Assignment: Please copy every record below exactly, but leave the pictures out.

(Dataset records)
++++++++

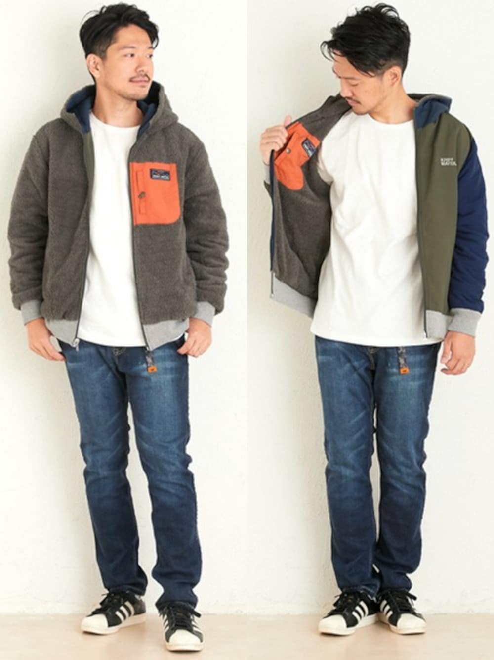 コーデに合わせてリバーシブルできるフードパーカーです! ボアフリース面を裏側にすれば高い保温性を発揮! 表側にすれば胸ポケット切替がアクセントになったアウトドアライクなデザインで着まわせますよ!
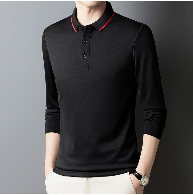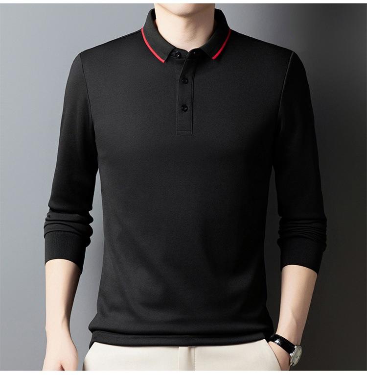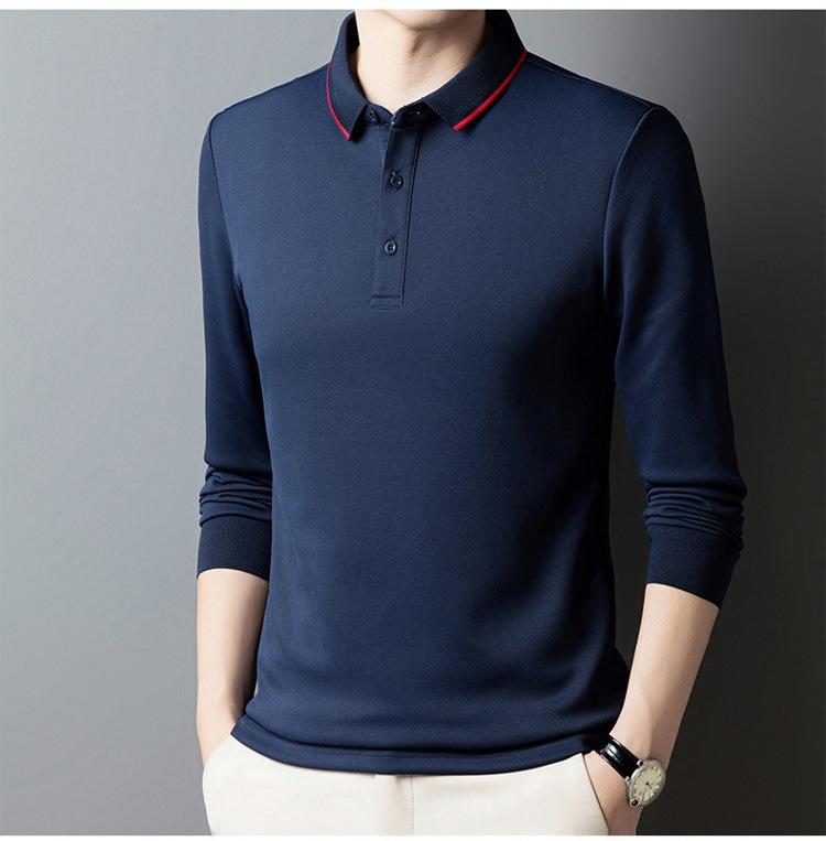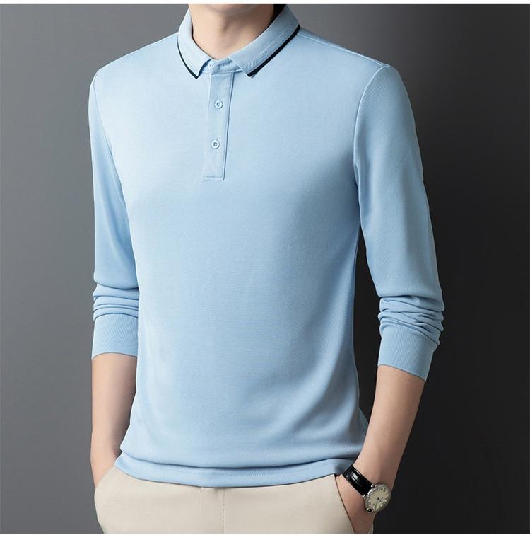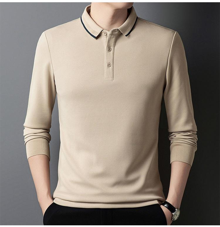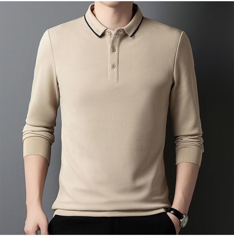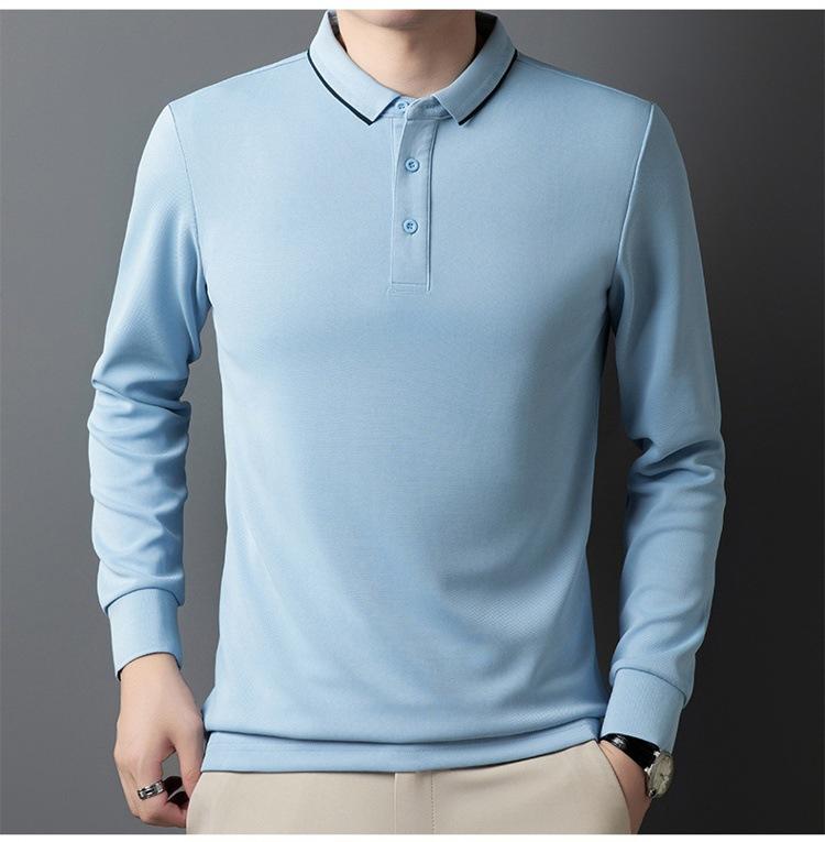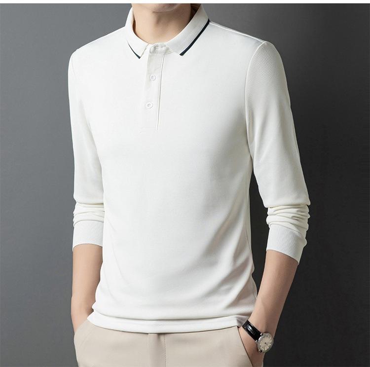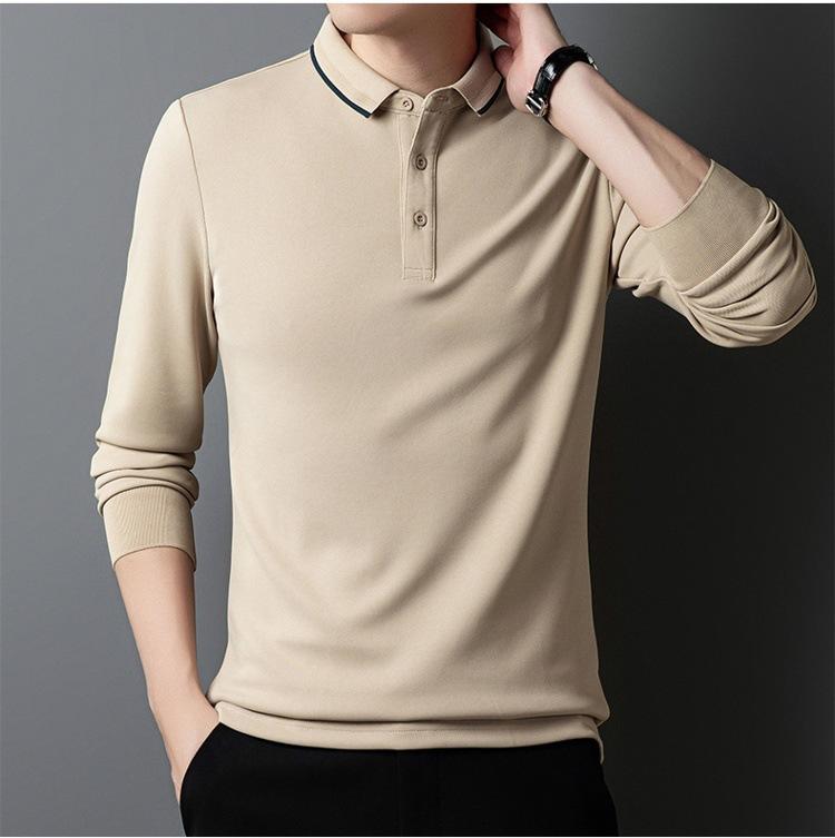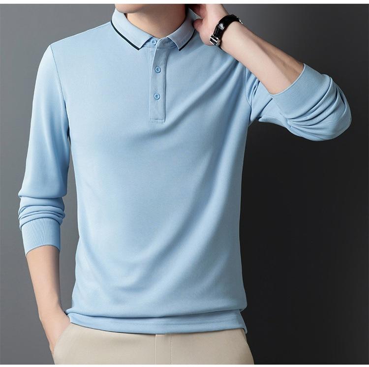 Nuevo Otoño Nueva Camiseta de Manga Larga para Hombre Negocios Casual Urbano Color Sólido Lapp Polo para Hombre
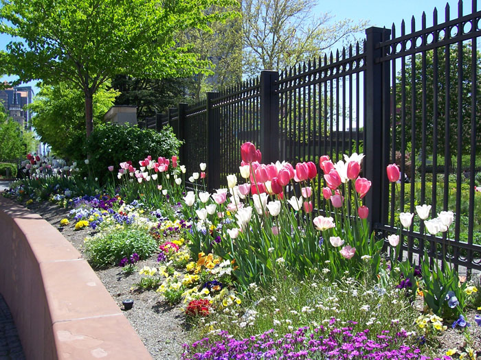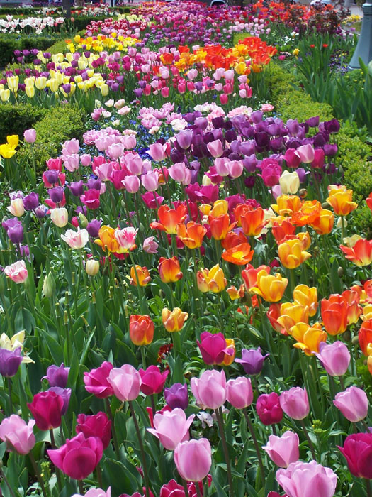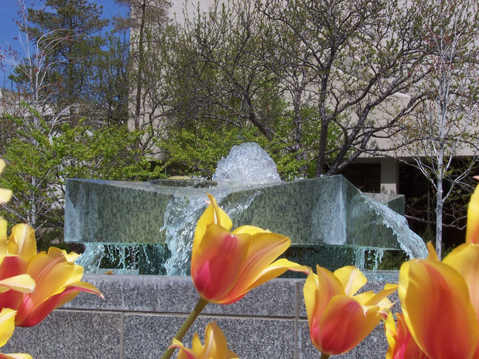The fountains add to the beauty of the garden flowers, mostly tulips
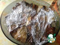 Начинку укрываем лепестками баклажан. И накрываем пленкой. Сверху кладем небольшой гнет и отправляем на 1,5 часа в холодильник. |
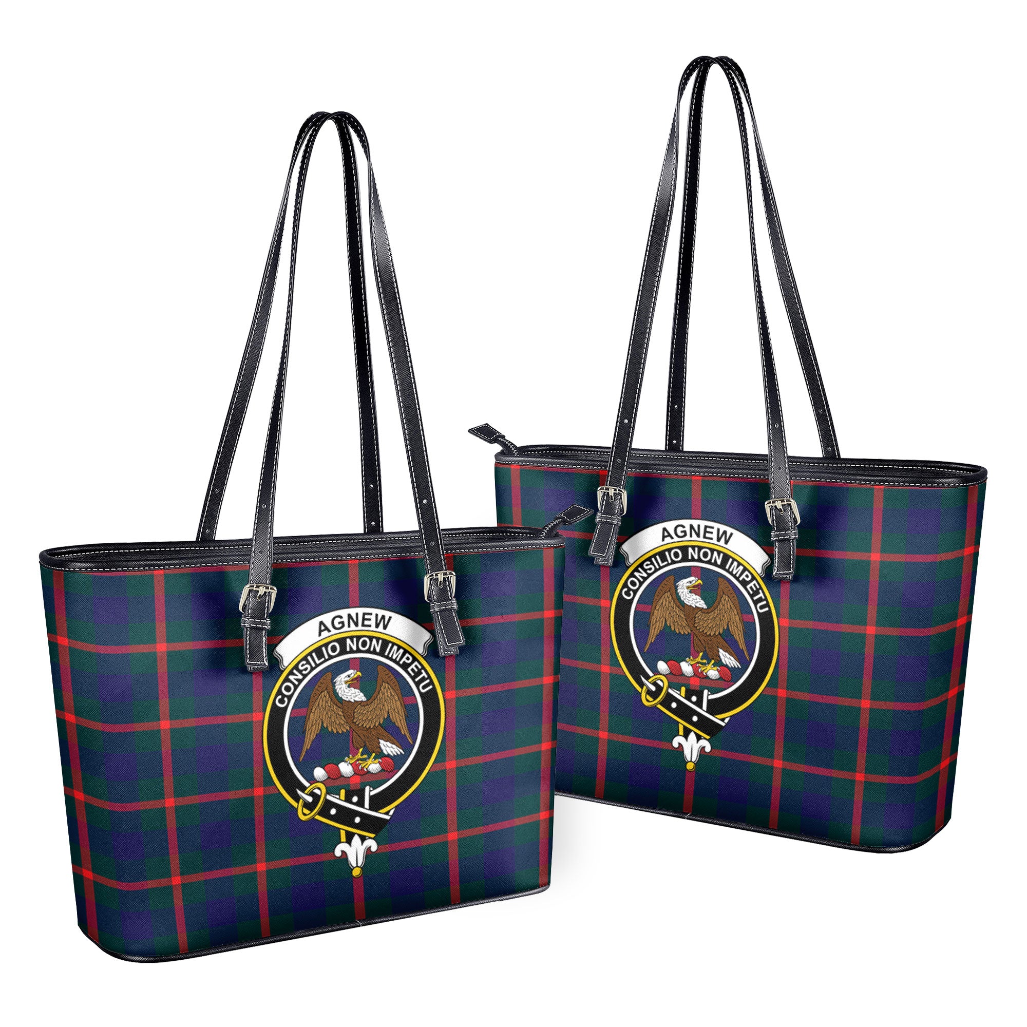 Agnew Modern Tartan Crest Leather Tote Bag
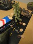 – Newt moves behind bus, shoots Thunderfoot at short range, hits 2/2 with double 11s, does 4 damage and Slowed
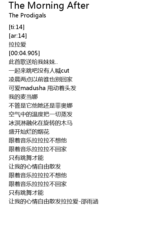 | [00:53.273] | 跟着音乐拉拉拉不回家 |
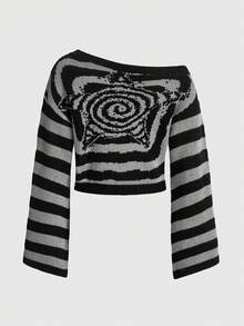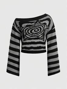 Grunge Punk Plus Size Women's Stripe & Star Textured Flare Sleeve Sweater, For Winter
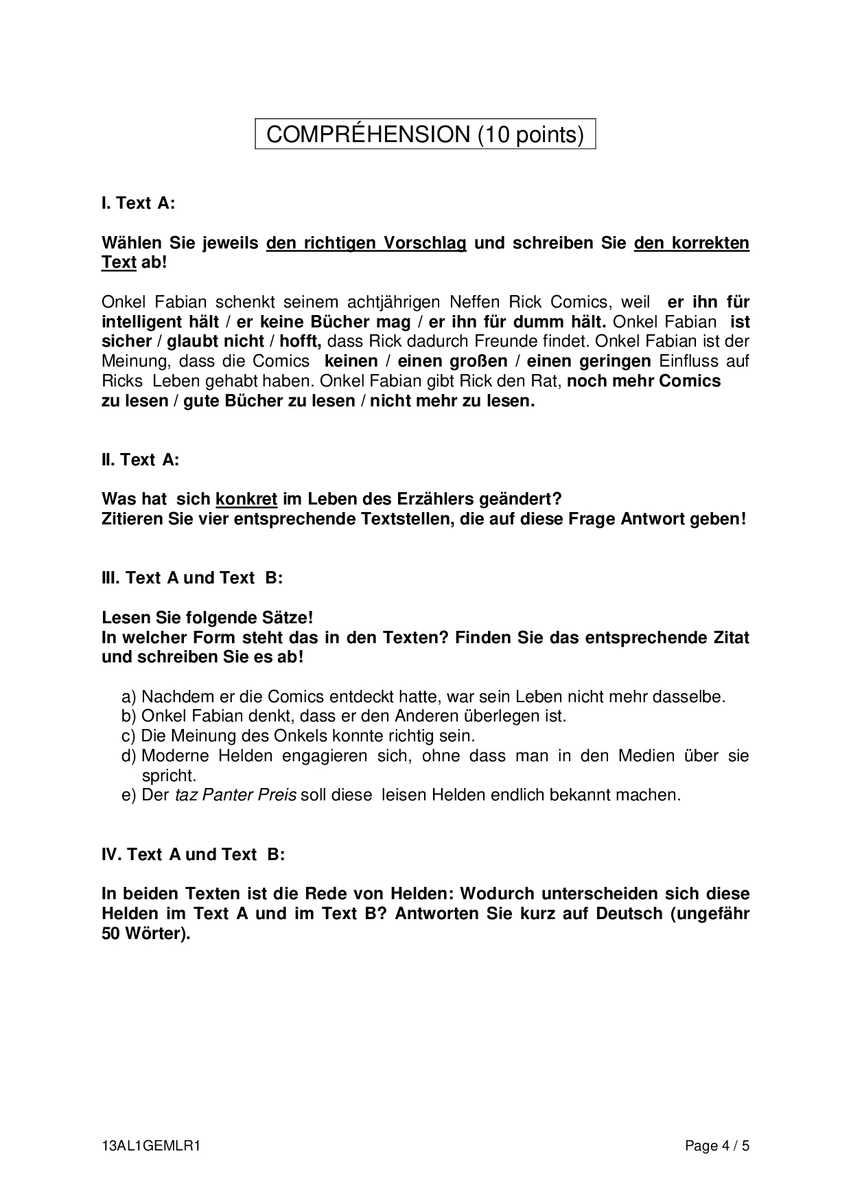 Allemand: Annales Bac L

++++++++

Result for this task:
 コーデに合わせてリバーシブルできるフードパーカーです! ボアフリース面を裏側にすれば高い保温性を発揮! 表側にすれば胸ポケット切替がアクセントになったアウトドアライクなデザインで着まわせますよ!
 Nuevo Otoño Nueva Camiseta de Manga Larga para Hombre Negocios Casual Urbano Color Sólido Lapp Polo para Hombre
The fountains add to the beauty of the garden flowers, mostly tulips
 Начинку укрываем лепестками баклажан. И накрываем пленкой. Сверху кладем небольшой гнет и отправляем на 1,5 часа в холодильник. |
 Agnew Modern Tartan Crest Leather Tote Bag
 – Newt moves behind bus, shoots Thunderfoot at short range, hits 2/2 with double 11s, does 4 damage and Slowed
 | [00:53.273] | 跟着音乐拉拉拉不回家 |
 Grunge Punk Plus Size Women's Stripe & Star Textured Flare Sleeve Sweater, For Winter
 Allemand: Annales Bac L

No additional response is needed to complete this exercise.